Beyond tooth decay: why good dental hygiene is important

Beyond tooth decay: why good dental hygiene is important

Most of us are aware that poor dental hygiene can lead to tooth decay, gum disease and bad breath – but not brushing your teeth could also have consequences for more serious illnesses. In this article, we will go beneath the plaque and tooth decay to investigate further what other health conditions are affected by poor dental health.

Alzheimer’s Disease

In 2010, researchers from New York University (NYU) concluded that there is a link between gum inflammation and Alzheimer’s disease, after reviewing 20 years of data on the association.

The American Dental Hygienists’ Association recommend that we should brush for 2 minutes, twice daily.

However, the number of participants in the NYU study was fairly small.
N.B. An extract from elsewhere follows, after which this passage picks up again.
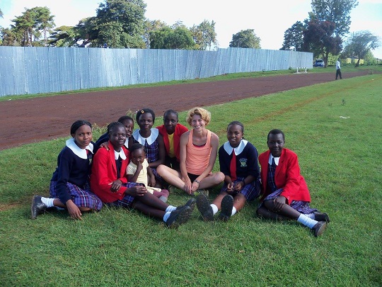 Wróciłam na Kamariny. Na stadionie było stadko owiec i yacool z chłopakami. Czekali na mnie i na jeszcze jednego biegacza. Yacool im dziś zapodał koordynacyjne układy. Coraz lepiej je łapią, nie musiałam dziś być wzorcem, więc sobie z boku siadłam i po prostu chłonęłam tę atmosferę. Przyjechał autobus z dzieciakami z Eldoret. Chłopcy grali w piłkę, a dziewczyny przysiadły się do mnie i zaczęły zadawać mnóstwo pytań, jak jest w Polsce czy mam męża i dzieci, czemu tylko jedno, to są ich standardowe pytania, gdzie pracuję, jak mi się podoba Kenia, jak wygląda śnieg? Kilka z nich marzy o wyjeździe do Europy, jedna wymyśliła sobie, by jechać do Norwegii, ale jak jej powiedziałam, że tam jest zimno, to zmieniła destynację na Hiszpanię.

The researchers analyzed data from 152 subjects enrolled in the Glostrop Aging Study – a study looking at psychological, medical and oral health in Danish men and women. The study spanned a 20-year period and ended in 1984, when the subjects were all over the age of 70.

Comparing cognitive function at ages 50 and 70, the NYU team found that gum disease at the age of 70 was strongly associated with low scores for cognitive function.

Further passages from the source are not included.